Aber Regisseurin Lisa Bryant tut gut daran, sich in ihrer Dokumentation nicht an weiteren Spekulationen zu beteiligen. Nicht nur aus juristischen Gründen, sondern auch weil sich ihr Film nicht an der Mythenbildung um den Fall Epstein beteiligen will. Stattdessen gibt Bryant denjenigen Gehör, deren Ruf nach Gerechtigkeit über Jahrzehnte ignoriert wurde: den Frauen, die als Mädchen von Epstein missbraucht und zur Prostitution gezwungen wurden. Erschreckend sind neben den verstörenden Einzelschicksalen vor allem das Ausmaß und die Systematik, mit der dieser Missbrauch organisiert wurde.

Daran schließt sich in der zweiten Folge die entscheidende Frage an, wie Epstein über eine solch lange Zeit ungestraft davonkommen konnte.

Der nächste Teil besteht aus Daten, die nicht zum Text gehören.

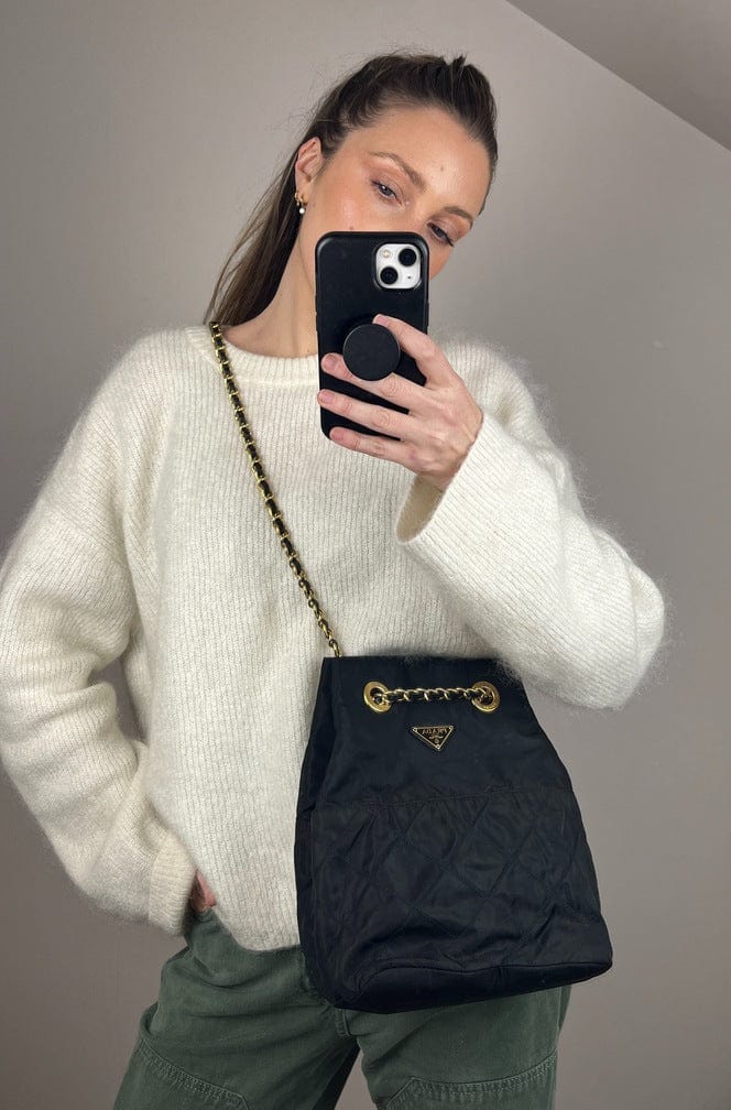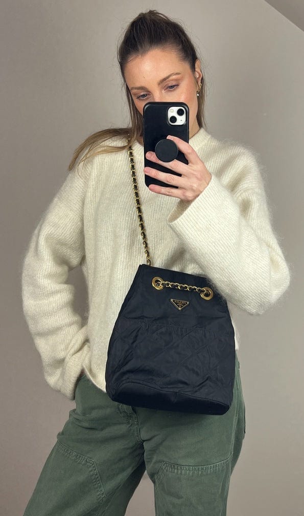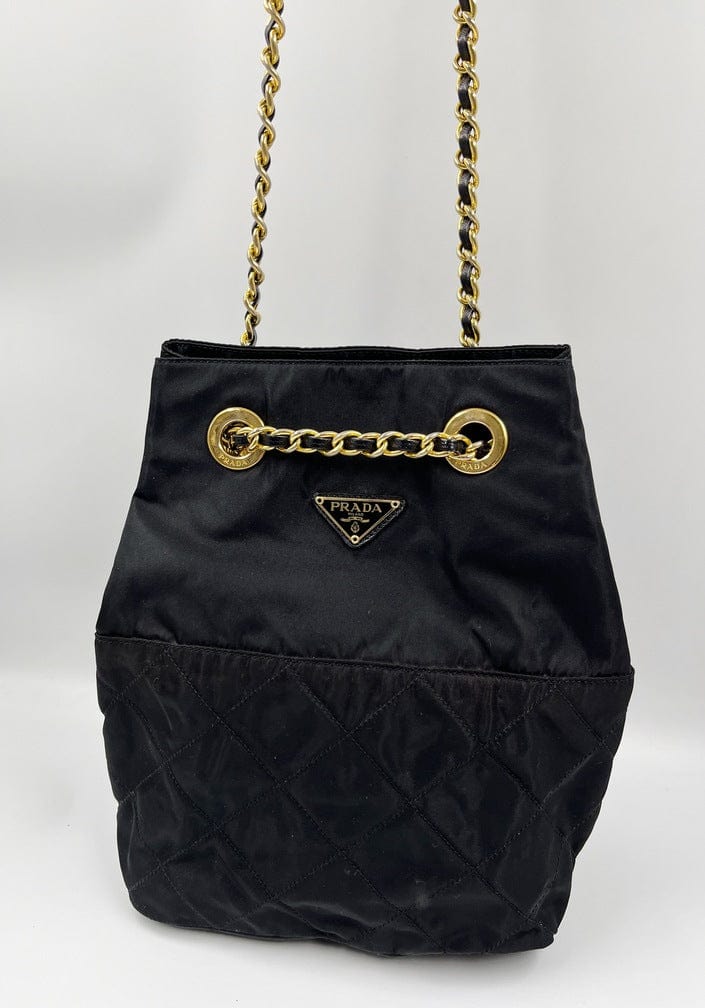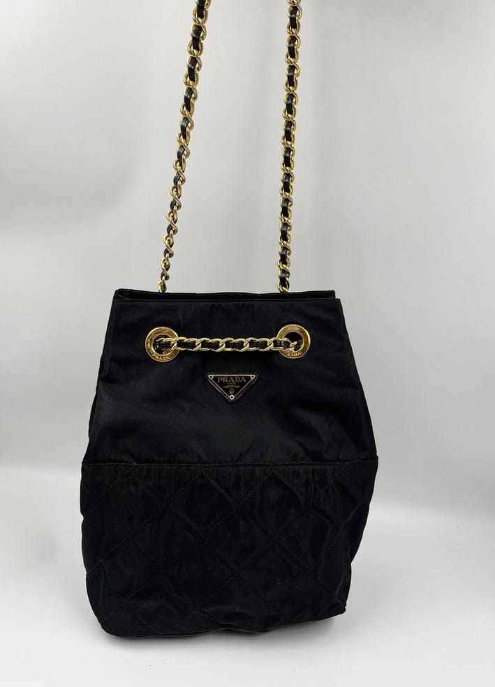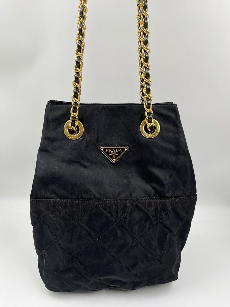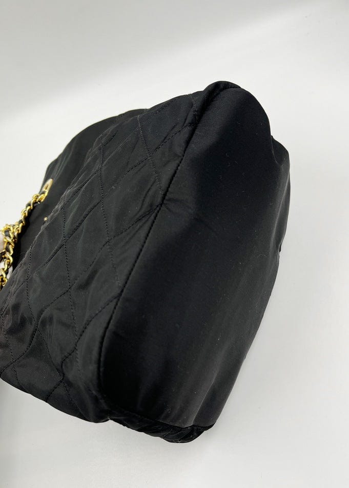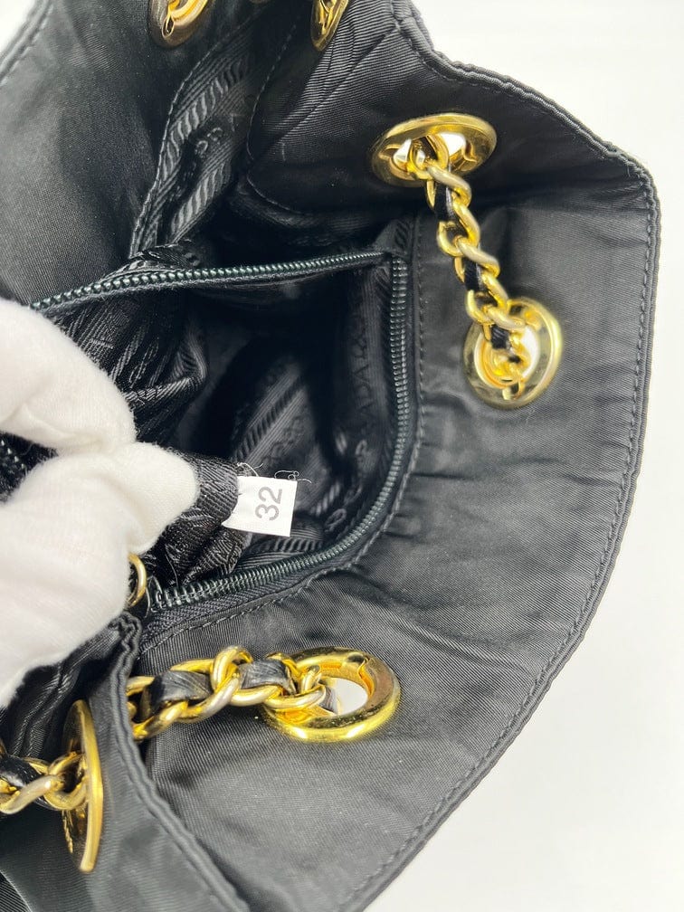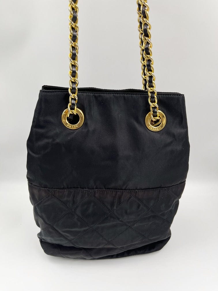 A stunning black Prada nylon tote with gold chain that can be worn on the shoulder or as a crossbody. The gold chain has black leather threaded through. Inside the bag is lined with the famous Prada logo nylon lining. There is a zipped pocket for valuables.

Bereits 2005 ermittelte die Polizei von Palm Beach über 13 Monate lang und verband die Aussagen von 50 mutmaßlichen Opfern zu einem vermeintlich wasserdichten Fall. Aber der Staatsanwalt Alexander Acosta einigte sich mit Epsteins Strafverteidigern auf einen Deal: Der Angeklagte wurde zu einer milden Strafe von 18 Monaten verurteilt, von denen er nur 13 Monate bei zwölf Stunden Freigang am Tag abbüßen musste. Zudem sicherte die Vereinbarung möglichen Mittätern Immunität zu.

Die umfangreichen Untersuchungsunterlagen verschwanden versiegelt im Gerichtskeller. Ein ungeheuerlicher Vorgang, der die Korruptionsanfälligkeit der US-Justiz auf drastische Weise belegt. Aus dem Gefängnis entlassen, lud Epstein erst einmal zu einer Party in sein New Yorker Haus ein. Fortan veranstaltete er seine pädophilen Orgien auf der eigenen Privatinsel Little Saint James in der Karibik – für die Mädchen und Frauen ein Gefängnis, in dem sie Epstein wehrlos ausgesetzt waren. Die traumatischen Erlebnisse haben sie stark geprägt.

Mit ihren Aussagen vor Gericht an die Öffentlichkeit zu gehen, ist für sie ein wichtiger Schritt, auch wenn ihnen die Genugtuung einer Verurteilung Epsteins durch dessen Tod verwehrt bleibt. In der letzten Folge feiert die Dokumentation den Mut dieser Frauen. Zu Recht. Denn ohne sie und den Druck, den die #MeToo-Bewegung aufgebaut hat, wäre es wahrscheinlich nie zu dem Prozess gegen Epstein gekommen.